合肥生活安徽新聞合肥交通合肥房產生活服務合肥教育合肥招聘合肥旅游文化藝術合肥美食合肥地圖合肥社保合肥醫院企業服務合肥法律

        代寫CS257、c/c++編程設計代做

        時間:2024-02-29  來源:合肥網hfw.cc  作者:hfw.cc 我要糾錯



        CS257 Advanced Computer Architecture
        Coursework Assignment
        Term 2, 2023/24
        Contents
        1 Introduction 2
        2 Submission 2
        3 Introduction to ACACGS 3
        4 Compiling and Running the Code 4
        4.1 Visualisation Generation . . . . . . . . . . . . . . . . . . . . . . . . . . . . . . . . . . . . . . . . . . . 4
        5 Hardware Details 6
        6 How will my code be tested for performance? 7
        7 Rules 7
        8 Where do I start? 7
        9 Instructions for Submission 7
        10 Support 7
        1
        1 Introduction
        The purpose of this coursework is to give you some hands-on experience in code optimisation. By the time you read
        this, you will have encountered a variety of code optimisation techniques including loop unrolling and vectorisation.
        2 Submission
        Your submission will consist of two parts:
        1. Optimised Code (60%)
        A piece of C code based on the initial implementation provided. This C code will be assessed with respect
        to your selection and understanding of optimisations, functional correctness, i.e., producing the right answer,
        and execution speed.
        2. Written Report (40%)
        A report (4 pages maximum, excluding references) detailing your design and implementation decisions. Your
        report will be evaluated with respect to your understanding of code optimisation techniques and the optimisations you attempted. This means that your report should explain:
        (a) which optimisations you did and did not use;
        (b) why your chosen optimisations improve performance; and
        (c) how your chosen optimisations affect floating-point correctness.
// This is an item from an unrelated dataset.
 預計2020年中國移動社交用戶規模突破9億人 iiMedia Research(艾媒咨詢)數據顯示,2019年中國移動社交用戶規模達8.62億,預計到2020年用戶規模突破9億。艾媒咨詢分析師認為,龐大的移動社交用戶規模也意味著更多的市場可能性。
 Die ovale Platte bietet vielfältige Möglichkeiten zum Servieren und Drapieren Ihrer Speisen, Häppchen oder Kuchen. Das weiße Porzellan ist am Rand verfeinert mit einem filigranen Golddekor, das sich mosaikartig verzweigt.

        Given that you may apply many different optimisations, a sensible approach is to build your solution incrementally, saving each partial solution and documenting the impact of each optimisation you make. This means that it
        is in your interest to attempt as many different optimisations or combinations of optimisations as you can.
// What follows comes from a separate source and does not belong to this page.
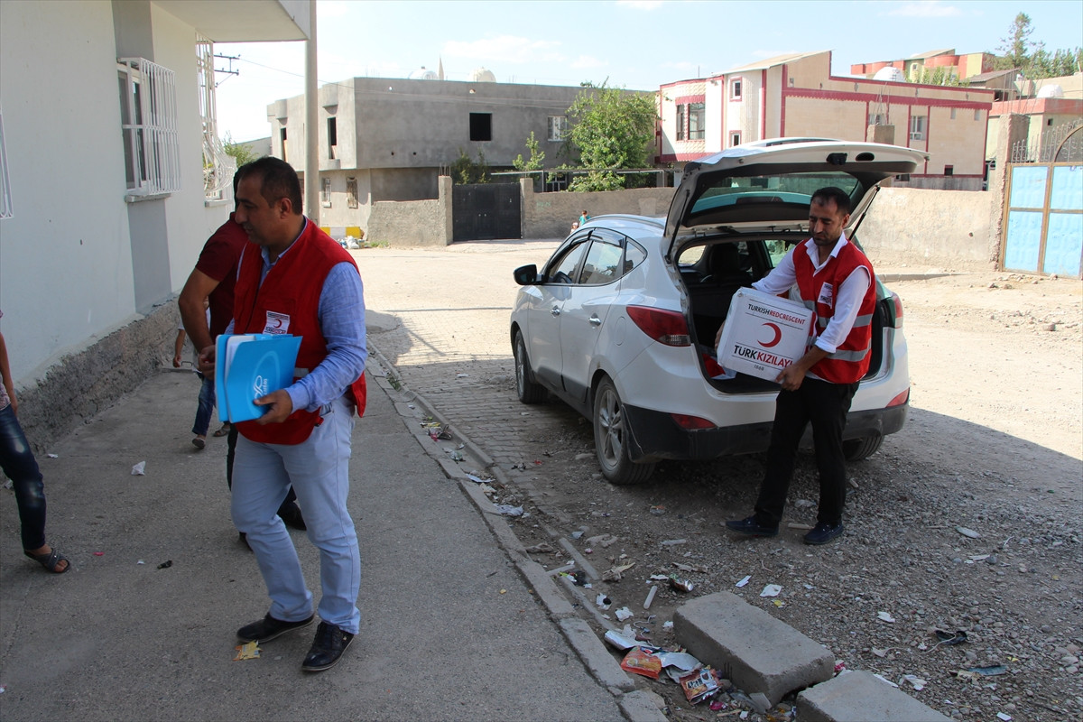 ŞIRNAK (AA) - Türk Kızılayı tarafından gönderilen giyim ve gıda yardımları, Şırnak'ın Silopi ilçesinde terör mağduru ailelere dağıtıldı.

        You may discuss optimisation techniques with others but you are not allowed to collaborate on solutions to this
        assignment. Please remember that the University takes all forms of plagiarism seriously.
        2
        3 Introduction to ACACGS
        ACSCGS is a conjugate gradient proxy application for a 3D mesh. The simulation will execute for either a fixed
        number of timesteps or alternatively until the residual value falls below a given threshold. This is done for a given
        mesh size, which is passed in at runtime through command-line arguments.
        In this proxy application, a force is applied to each edge boundary of the cuboid, which is then propagated
        throughout the mesh. As each time step passes, the force is dissipated within the mesh, until the amount of residual
        is significantly small that the simulation stops (as there are no more calculations to perform), or a set number of
        time steps have passed.
        In addition to providing numeric solutions, the code can also generate visuals which depict the pressure within
        the mesh throughout the simulation run. Creating the visualisations relies on two optional packages, Silo and VisIt,
        which are available on the DCS systems.
        Figure 1: Pressure Matrix Visualisation
        3
        4 Compiling and Running the Code
        The code includes a Makefile file to build the program. You can compile all of the code using the command make.
        You should not modify the Makefile file, but examining it may prove helpful in some situations.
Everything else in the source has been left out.